I'm a master student working on networks analysis in general. A network is something that has nodes and there are links between the nodes. Nodes and links could have attributes. An evolving network is one that changes overtime (new nodes and links are added..etc). An example of that is Facebook. Nodes are users and links represent the friendship relationship. Users have attributes (gender, age, etc.). A Facebook network as you know is an example of a social network.

The issue is that so many people studied traditional evolving networks like social networks, the web, or transportation networks. Currently I'm looking for novel examples of evolving networks to study them. So I thought there might be some examples in biology that could represent some kind of an evolving network.

So my question: Can you give me examples in biology for evolving networks? I'm aware of metabolic networks, but that is also heavily studied, I need something else.

  • $\begingroup$ I don't know if you can call them networks : Ecological relationships between organisms $\endgroup$
    – biogirl
    Commented May 27, 2014 at 15:49
  • $\begingroup$ @biogirl My copy of 'Ecological Networks' by Pascual and Dunne would suggest you can :) $\endgroup$
    – arboviral
    Commented Jul 20, 2016 at 15:40

5 Answers 5


Others have nicely summarized to different types of biological networks and how they can evolve. I would like to make a fine distinction between evolution and dynamic adaptation and add some comments about relative evolvabilities of different biological networks.

Given an architecture, a network can respond dynamically to different inputs. The preferred paths may change and the output characteristics can vary. Example cases include the effect of environment on metabolism. Personally, I would not consider this as network evolution because the architecture remains the same. Network evolution refers to rewiring or addition of new connections.

It would be apt to classify the biological networks like this:

  • molecular networks

    • Gene regulatory networks (GRN)
    • Molecular (protein-protein) interaction networks (PPI)
    • Cell signaling networks
  • cellular networks

    • Neural networks
    • Biofilms (?)
  • organismal networks

    • Ecological networks (food webs etc)

There are several ways in which a network can evolve: Edge addition, edge deletion, edge modification, node addition, node deletion and node duplication.

In molecular networks edge modification happens when the chemical interaction is affected.

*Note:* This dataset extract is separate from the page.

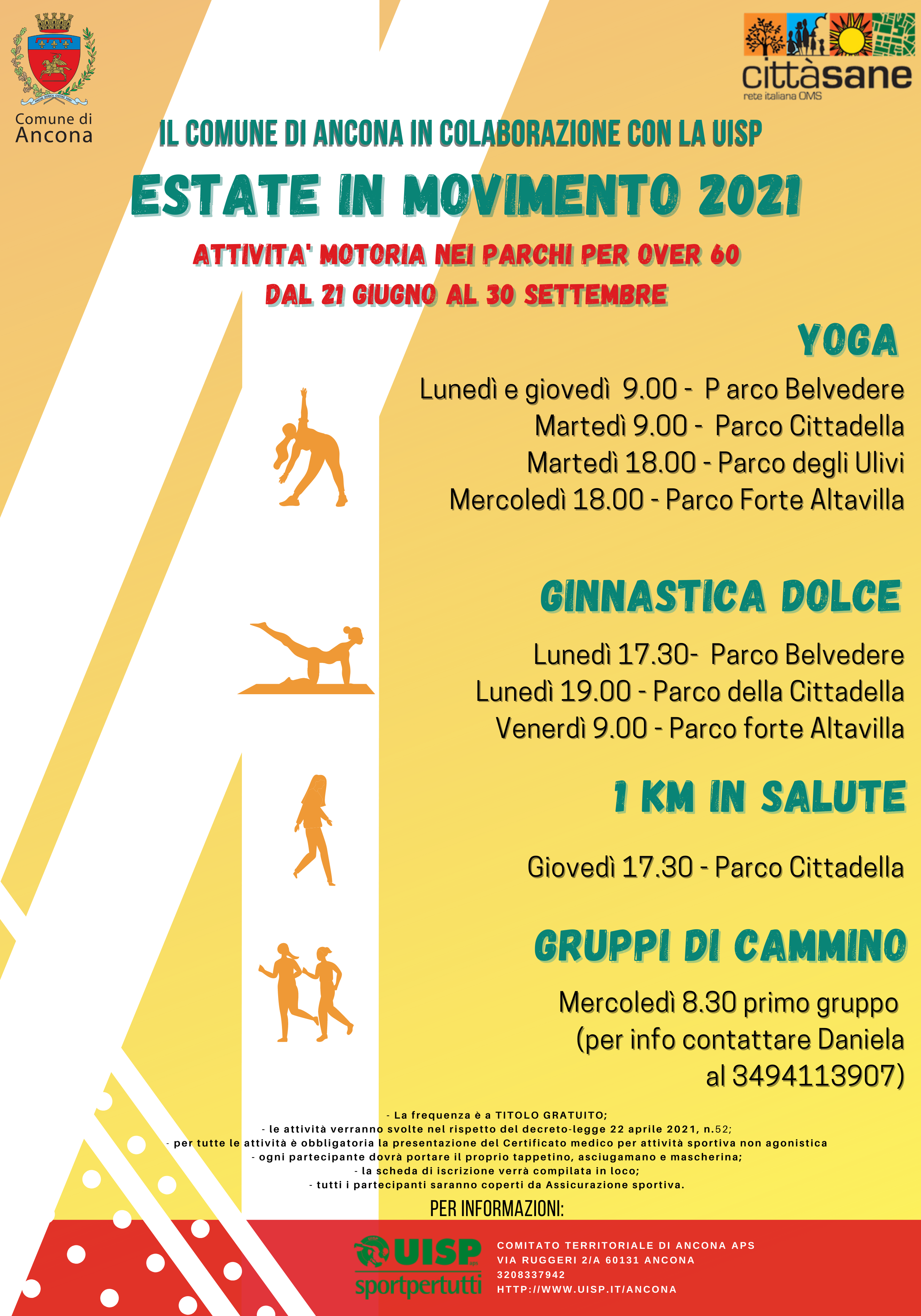 Nell’ambito delle iniziative per la promozione di corretti stili di vita e città amica degli anziani, anche quest’anno riparte ‘Estate in movimento’ ciclo di attività svolte all’aperto per over 60. Yoga, Ginnastica dolce, 1 un km in salute e i Gruppi di cammino sono le proposte che verranno svolte nei principali parchi cittadini di Ancona insieme agli istruttori Uisp.

For e.g. in a gene regulatory network a promoter-Transcription Factor (TF) interaction can change if there is a mutation in promoter sequence or in the DNA binding domain of TF. Similar situation exists in the cases of PPI and ligand-receptor interactions (Though concept of mutation doesn't apply to ligands). Gene (node) duplications are also common mechanism of evolution of GRN. Gene deletions/inactivations also change the network and in some cases result in complex diseases. Metabolic networks evolve if an enzyme mutates and a new pathway is created. Usually node additions rarely happen; node duplications and edge modifications are more common in molecular networks.

In neural networks the plasticity is higher than molecular networks. There is a basic architecture that is essential to support life but the connections keep changing, nonetheless, in the non-core regions. Since active neurogenesis stops after a certain point, we can assume that number of nodes remains unchanged but edge addition (new synapse), edge deletion (synaptic pruning) and edge modification (long term potentiation/depression) is quite rampant and widespread. In neurodegenerative diseases neurons die and therefore nodes are lost.

Ecological networks are affected by environment and geological barriers. So there are several subnetworks (ecosystems) that are weakly or strongly connected with each other. Introduction of foreign species (node addition) causes immediate perturbation of the local network architecture. Long term effects arise because of extinction (node deletions), speciation (node evolution leading to edge modification i.e feeding habits etc).

It is also to be noted that in all the cases the effect of a change on a network depends on which node/edge is affected; hubs are under tight scrutiny and are protected from perturbations because any dysregulation can lead to network collapse. Some networks also follow the preferential attachment behavior (which appears contradictory to hub preservation as a mechanism). I guess that molecular networks do not employ preferential attachment whereas ecological networks do.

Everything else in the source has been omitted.